> [Data extract]
- Opening Delimiter -
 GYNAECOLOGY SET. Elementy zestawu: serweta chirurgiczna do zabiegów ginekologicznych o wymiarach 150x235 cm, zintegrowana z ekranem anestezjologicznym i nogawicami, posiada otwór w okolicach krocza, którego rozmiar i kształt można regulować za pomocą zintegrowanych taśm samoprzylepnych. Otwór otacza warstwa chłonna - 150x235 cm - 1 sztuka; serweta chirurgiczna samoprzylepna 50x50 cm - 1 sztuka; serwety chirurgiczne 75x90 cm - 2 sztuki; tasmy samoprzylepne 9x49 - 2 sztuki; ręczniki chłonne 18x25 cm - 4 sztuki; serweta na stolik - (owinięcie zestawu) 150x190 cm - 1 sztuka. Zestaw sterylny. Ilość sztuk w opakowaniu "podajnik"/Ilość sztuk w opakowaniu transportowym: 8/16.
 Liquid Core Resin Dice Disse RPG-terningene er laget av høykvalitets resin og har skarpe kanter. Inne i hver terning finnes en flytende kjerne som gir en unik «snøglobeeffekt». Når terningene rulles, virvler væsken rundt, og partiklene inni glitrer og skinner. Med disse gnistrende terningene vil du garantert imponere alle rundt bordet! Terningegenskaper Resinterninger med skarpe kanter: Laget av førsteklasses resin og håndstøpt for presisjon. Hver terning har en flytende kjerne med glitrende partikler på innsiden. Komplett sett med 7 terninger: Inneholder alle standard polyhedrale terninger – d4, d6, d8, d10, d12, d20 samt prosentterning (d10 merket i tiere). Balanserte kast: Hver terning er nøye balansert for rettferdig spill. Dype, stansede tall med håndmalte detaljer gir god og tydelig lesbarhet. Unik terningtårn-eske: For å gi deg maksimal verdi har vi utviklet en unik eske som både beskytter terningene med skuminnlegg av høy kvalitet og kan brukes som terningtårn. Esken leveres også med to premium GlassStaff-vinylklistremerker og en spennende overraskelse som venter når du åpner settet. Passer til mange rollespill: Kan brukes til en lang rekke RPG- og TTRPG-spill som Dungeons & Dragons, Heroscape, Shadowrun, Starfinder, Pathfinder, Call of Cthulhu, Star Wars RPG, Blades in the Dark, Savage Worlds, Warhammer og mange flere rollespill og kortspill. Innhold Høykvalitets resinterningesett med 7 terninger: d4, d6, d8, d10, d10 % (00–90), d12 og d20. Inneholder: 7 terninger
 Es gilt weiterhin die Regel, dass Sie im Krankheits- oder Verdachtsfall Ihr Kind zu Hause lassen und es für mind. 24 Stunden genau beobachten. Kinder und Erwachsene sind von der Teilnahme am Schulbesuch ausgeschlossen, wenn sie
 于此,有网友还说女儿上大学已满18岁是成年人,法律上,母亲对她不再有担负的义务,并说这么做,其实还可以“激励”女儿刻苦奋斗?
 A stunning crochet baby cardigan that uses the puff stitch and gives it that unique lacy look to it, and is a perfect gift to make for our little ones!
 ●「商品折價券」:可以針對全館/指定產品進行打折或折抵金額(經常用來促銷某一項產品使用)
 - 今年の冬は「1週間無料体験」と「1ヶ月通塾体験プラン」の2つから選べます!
- Closing Delimiter -
- Opening Delimiter -
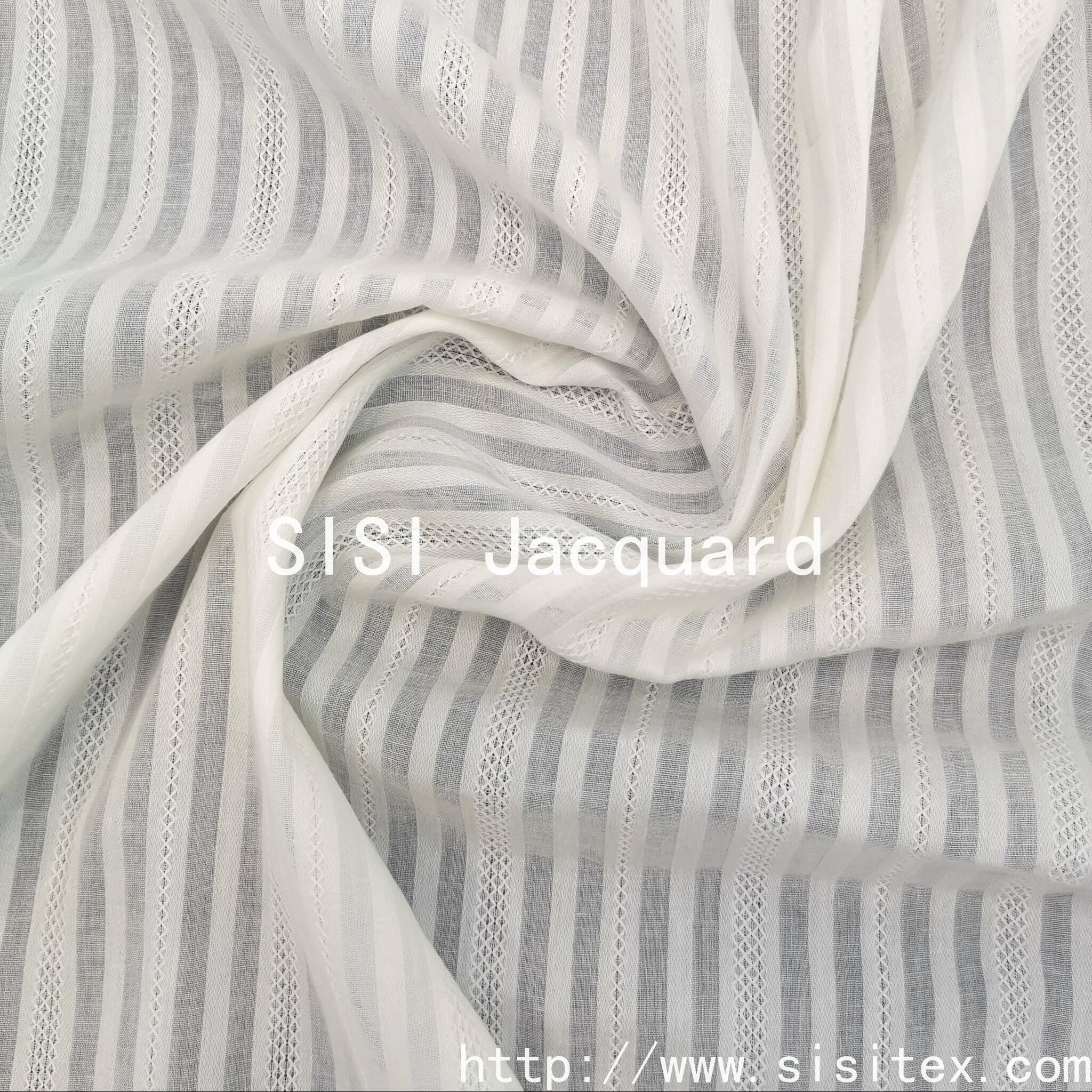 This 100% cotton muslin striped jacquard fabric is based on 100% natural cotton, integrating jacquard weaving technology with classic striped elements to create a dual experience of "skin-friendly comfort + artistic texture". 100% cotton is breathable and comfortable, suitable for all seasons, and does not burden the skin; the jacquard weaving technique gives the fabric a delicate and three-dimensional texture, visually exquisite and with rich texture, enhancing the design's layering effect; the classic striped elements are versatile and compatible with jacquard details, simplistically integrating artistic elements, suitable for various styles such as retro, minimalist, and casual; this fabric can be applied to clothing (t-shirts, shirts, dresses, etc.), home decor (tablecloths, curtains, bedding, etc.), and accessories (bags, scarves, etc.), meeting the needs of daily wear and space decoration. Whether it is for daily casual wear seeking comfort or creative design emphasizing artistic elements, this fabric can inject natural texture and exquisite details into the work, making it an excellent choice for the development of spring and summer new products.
- Closing Delimiter -
> [Task description] After locating the line with "于此,有网友还说女儿上大学已" in the material above, return it and each line after it exactly, ending at the line with "- 今年の冬は「1週間無料体験」と「1ヶ月通塾体験プラン」の2つから選べます!".

> [Answer box]
 于此,有网友还说女儿上大学已满18岁是成年人,法律上,母亲对她不再有担负的义务,并说这么做,其实还可以“激励”女儿刻苦奋斗?
 A stunning crochet baby cardigan that uses the puff stitch and gives it that unique lacy look to it, and is a perfect gift to make for our little ones!
 ●「商品折價券」:可以針對全館/指定產品進行打折或折抵金額(經常用來促銷某一項產品使用)
 - 今年の冬は「1週間無料体験」と「1ヶ月通塾体験プラン」の2つから選べます!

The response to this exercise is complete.